| Exercise details |
Without reproducing any image, print the listing below exactly.

| Dataset section |

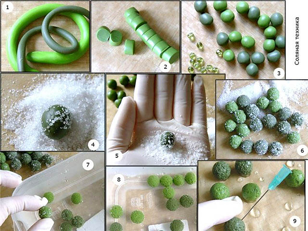 Самодельные бусы из пластики – на рис. Об узорах немного поговорим далее, а пока присмотритесь: в таких дырочках нитка не протрется. Как их проделать? Нужно знать, что скорость высыхания пластики – ок. 2 мм/сутки. Т.е., корочка толщиной 0,25-0,35 мм образуется прим. за 3-4 часа. Корочка такой толщины будет уже достаточно прочной, но еще эластичной. Вот из нее и нужно сформировать кратеры отверстий, а уж затем досушить детали, сколько нужно. Довольно долго; шарик из пластик диаметром 10 см, т.е. радиусом 50 мм, при 20 градусах полностью сохнет 25 суток, чуть ли не месяц.
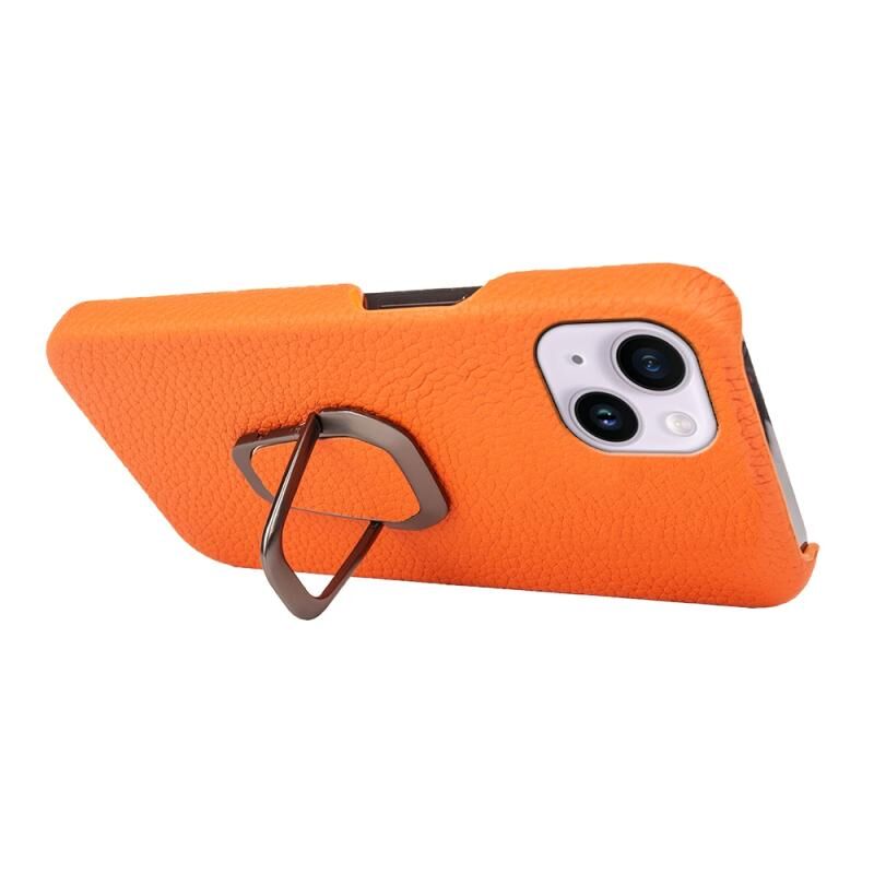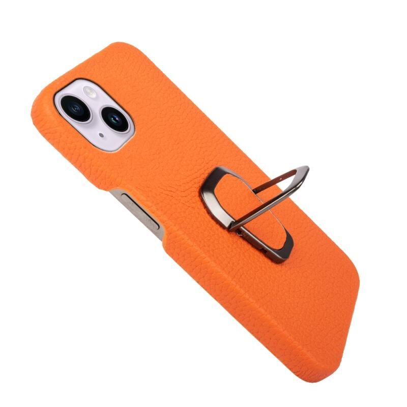 Θήκη τηλεφώνου από γνήσιο δέρμα με υφή λitchi για iPhone 14 Plus με δακτύλιο στήριξης (Μαύρο)
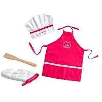 Set de chef con delantal rosa y gorro

| Written answer |
 Самодельные бусы из пластики – на рис. Об узорах немного поговорим далее, а пока присмотритесь: в таких дырочках нитка не протрется. Как их проделать? Нужно знать, что скорость высыхания пластики – ок. 2 мм/сутки. Т.е., корочка толщиной 0,25-0,35 мм образуется прим. за 3-4 часа. Корочка такой толщины будет уже достаточно прочной, но еще эластичной. Вот из нее и нужно сформировать кратеры отверстий, а уж затем досушить детали, сколько нужно. Довольно долго; шарик из пластик диаметром 10 см, т.е. радиусом 50 мм, при 20 градусах полностью сохнет 25 суток, чуть ли не месяц.
 Θήκη τηλεφώνου από γνήσιο δέρμα με υφή λitchi για iPhone 14 Plus με δακτύλιο στήριξης (Μαύρο)
 Set de chef con delantal rosa y gorro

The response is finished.